Working data ▸
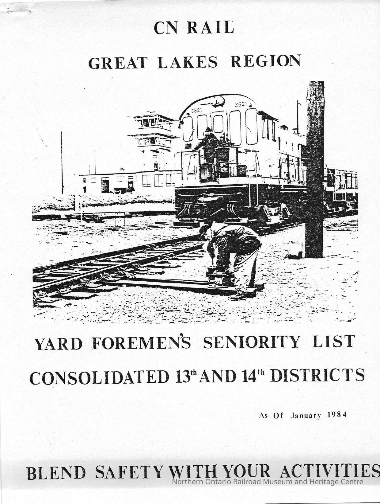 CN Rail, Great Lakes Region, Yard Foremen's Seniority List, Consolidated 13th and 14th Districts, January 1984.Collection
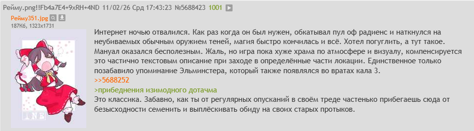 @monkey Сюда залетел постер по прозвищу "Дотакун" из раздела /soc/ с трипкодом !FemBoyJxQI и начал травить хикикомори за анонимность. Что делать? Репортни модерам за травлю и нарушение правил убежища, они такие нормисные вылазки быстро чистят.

---

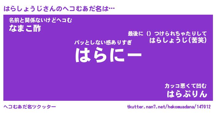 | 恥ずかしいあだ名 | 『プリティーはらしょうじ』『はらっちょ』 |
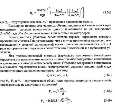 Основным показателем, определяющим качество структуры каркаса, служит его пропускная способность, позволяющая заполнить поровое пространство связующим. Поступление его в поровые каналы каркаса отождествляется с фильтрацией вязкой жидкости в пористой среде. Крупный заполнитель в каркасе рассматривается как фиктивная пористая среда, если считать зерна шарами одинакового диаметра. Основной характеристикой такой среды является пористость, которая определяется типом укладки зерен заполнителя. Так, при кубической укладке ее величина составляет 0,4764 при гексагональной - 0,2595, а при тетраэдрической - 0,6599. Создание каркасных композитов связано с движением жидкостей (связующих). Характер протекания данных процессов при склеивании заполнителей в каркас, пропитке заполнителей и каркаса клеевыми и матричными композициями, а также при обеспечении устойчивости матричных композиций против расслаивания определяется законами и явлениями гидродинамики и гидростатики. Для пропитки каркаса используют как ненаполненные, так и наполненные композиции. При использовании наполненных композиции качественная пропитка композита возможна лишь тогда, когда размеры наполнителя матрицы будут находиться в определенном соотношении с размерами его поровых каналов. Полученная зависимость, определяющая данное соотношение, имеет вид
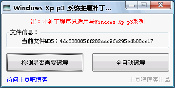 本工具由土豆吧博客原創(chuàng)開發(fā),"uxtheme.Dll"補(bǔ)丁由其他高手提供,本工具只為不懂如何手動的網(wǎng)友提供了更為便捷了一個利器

---

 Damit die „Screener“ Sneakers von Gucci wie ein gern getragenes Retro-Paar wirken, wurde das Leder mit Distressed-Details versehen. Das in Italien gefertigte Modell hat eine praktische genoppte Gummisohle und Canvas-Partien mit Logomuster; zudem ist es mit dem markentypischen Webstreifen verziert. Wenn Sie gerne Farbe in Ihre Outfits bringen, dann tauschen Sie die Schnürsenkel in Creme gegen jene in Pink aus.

Problem to solve ▸
Would you output only the span of the records above that opens with the line containing "恥ずかしいあだ名 | 『プリティーはらしょうじ』『はらっちょ』 |" and closes with the line containing "本工具由土豆吧博客原創(ch", ends included and pictures dropped?

Task response ▸
 | 恥ずかしいあだ名 | 『プリティーはらしょうじ』『はらっちょ』 |
 Основным показателем, определяющим качество структуры каркаса, служит его пропускная способность, позволяющая заполнить поровое пространство связующим. Поступление его в поровые каналы каркаса отождествляется с фильтрацией вязкой жидкости в пористой среде. Крупный заполнитель в каркасе рассматривается как фиктивная пористая среда, если считать зерна шарами одинакового диаметра. Основной характеристикой такой среды является пористость, которая определяется типом укладки зерен заполнителя. Так, при кубической укладке ее величина составляет 0,4764 при гексагональной - 0,2595, а при тетраэдрической - 0,6599. Создание каркасных композитов связано с движением жидкостей (связующих). Характер протекания данных процессов при склеивании заполнителей в каркас, пропитке заполнителей и каркаса клеевыми и матричными композициями, а также при обеспечении устойчивости матричных композиций против расслаивания определяется законами и явлениями гидродинамики и гидростатики. Для пропитки каркаса используют как ненаполненные, так и наполненные композиции. При использовании наполненных композиции качественная пропитка композита возможна лишь тогда, когда размеры наполнителя матрицы будут находиться в определенном соотношении с размерами его поровых каналов. Полученная зависимость, определяющая данное соотношение, имеет вид
 本工具由土豆吧博客原創(chuàng)開發(fā),"uxtheme.Dll"補(bǔ)丁由其他高手提供,本工具只為不懂如何手動的網(wǎng)友提供了更為便捷了一個利器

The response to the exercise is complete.